Supplied data ::
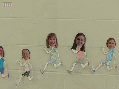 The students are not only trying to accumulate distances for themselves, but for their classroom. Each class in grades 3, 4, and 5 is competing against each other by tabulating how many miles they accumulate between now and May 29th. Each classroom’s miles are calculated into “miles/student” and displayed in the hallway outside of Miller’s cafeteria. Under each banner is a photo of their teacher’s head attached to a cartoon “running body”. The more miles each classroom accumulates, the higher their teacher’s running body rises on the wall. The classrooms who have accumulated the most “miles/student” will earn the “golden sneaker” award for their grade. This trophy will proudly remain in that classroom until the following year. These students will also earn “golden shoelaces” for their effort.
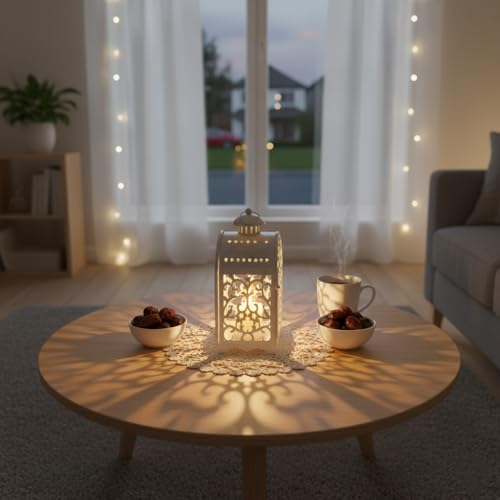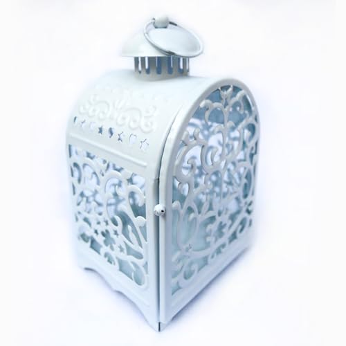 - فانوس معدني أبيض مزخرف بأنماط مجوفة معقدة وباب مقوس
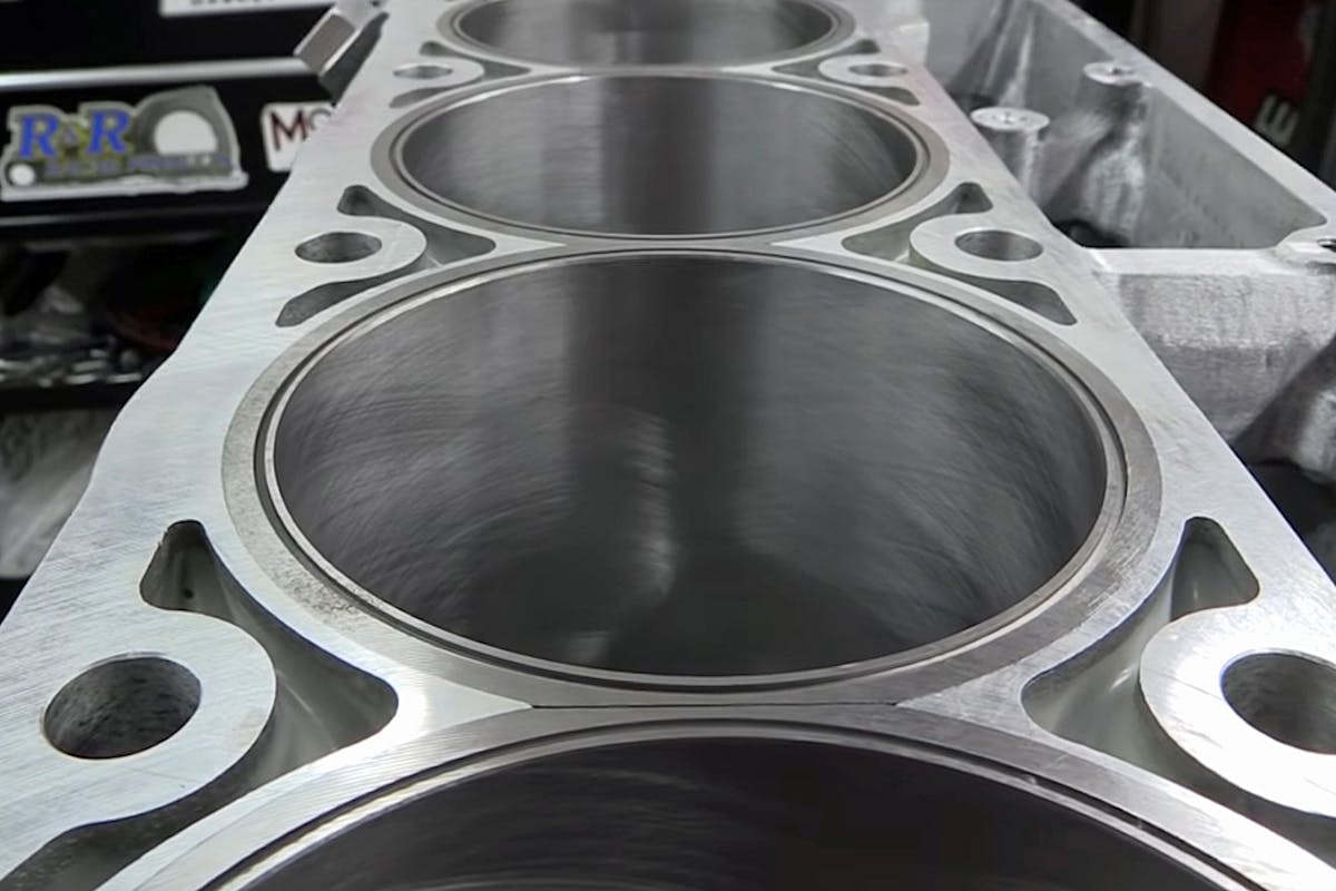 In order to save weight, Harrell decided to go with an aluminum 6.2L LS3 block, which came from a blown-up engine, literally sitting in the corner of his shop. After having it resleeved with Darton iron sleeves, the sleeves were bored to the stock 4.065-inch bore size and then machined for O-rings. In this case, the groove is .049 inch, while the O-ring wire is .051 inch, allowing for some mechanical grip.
* * *
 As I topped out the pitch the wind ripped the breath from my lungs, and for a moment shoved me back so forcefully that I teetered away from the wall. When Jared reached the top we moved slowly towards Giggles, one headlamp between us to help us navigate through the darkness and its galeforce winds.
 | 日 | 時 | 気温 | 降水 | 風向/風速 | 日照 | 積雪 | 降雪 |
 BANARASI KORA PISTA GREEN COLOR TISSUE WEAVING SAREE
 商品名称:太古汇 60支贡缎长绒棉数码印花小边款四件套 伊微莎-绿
--
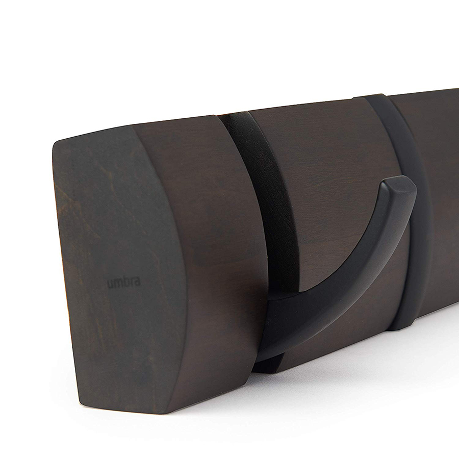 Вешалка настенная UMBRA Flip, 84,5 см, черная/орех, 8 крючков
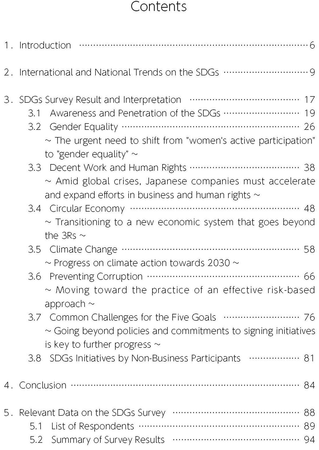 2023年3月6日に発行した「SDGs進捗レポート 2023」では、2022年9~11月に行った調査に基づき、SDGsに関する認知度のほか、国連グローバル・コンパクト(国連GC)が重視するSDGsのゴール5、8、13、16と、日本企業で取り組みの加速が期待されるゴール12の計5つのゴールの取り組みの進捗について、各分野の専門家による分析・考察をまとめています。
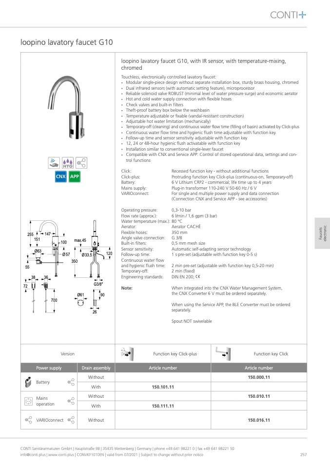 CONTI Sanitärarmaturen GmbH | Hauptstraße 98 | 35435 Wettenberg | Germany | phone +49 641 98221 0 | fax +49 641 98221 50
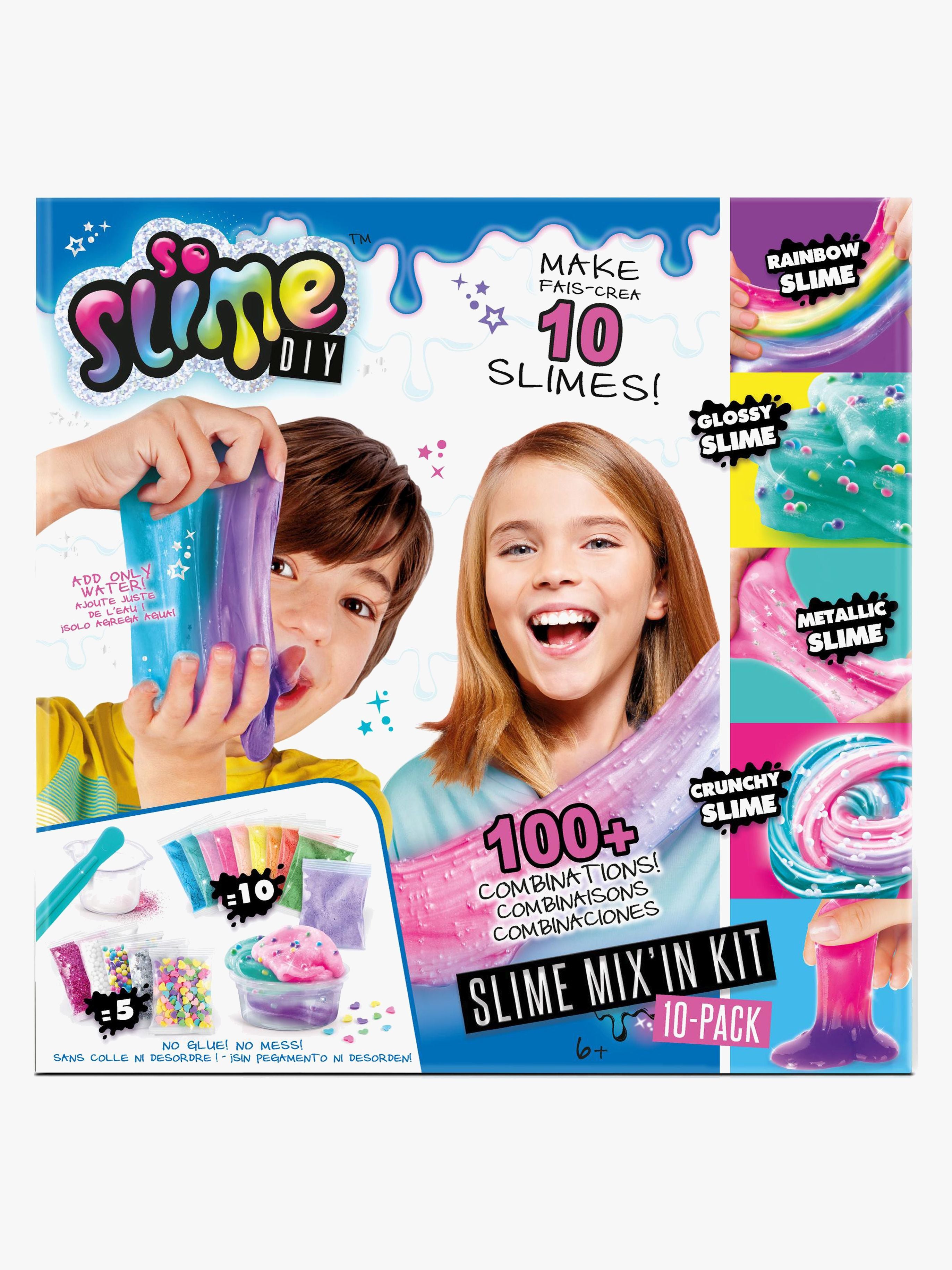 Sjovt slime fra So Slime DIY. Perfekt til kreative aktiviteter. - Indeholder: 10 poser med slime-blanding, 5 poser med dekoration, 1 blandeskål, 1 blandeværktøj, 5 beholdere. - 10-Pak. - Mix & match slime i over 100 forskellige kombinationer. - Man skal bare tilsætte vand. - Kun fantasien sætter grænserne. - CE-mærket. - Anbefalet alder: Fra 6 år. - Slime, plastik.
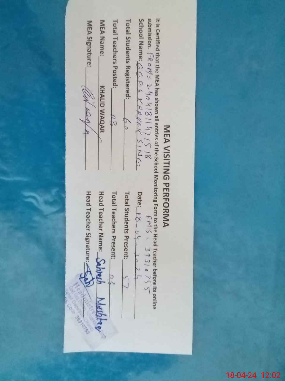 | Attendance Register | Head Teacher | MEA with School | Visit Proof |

Exercise details ::
In the records above, everything from the line with "Вешалка настенная UMBRA" down to the line with "2023年3月6日に発行した" is to be set down exactly, both ends included, with no pictures and no other lines.

Finished exercise ::
 Вешалка настенная UMBRA Flip, 84,5 см, черная/орех, 8 крючков
 2023年3月6日に発行した「SDGs進捗レポート 2023」では、2022年9~11月に行った調査に基づき、SDGsに関する認知度のほか、国連グローバル・コンパクト(国連GC)が重視するSDGsのゴール5、8、13、16と、日本企業で取り組みの加速が期待されるゴール12の計5つのゴールの取り組みの進捗について、各分野の専門家による分析・考察をまとめています。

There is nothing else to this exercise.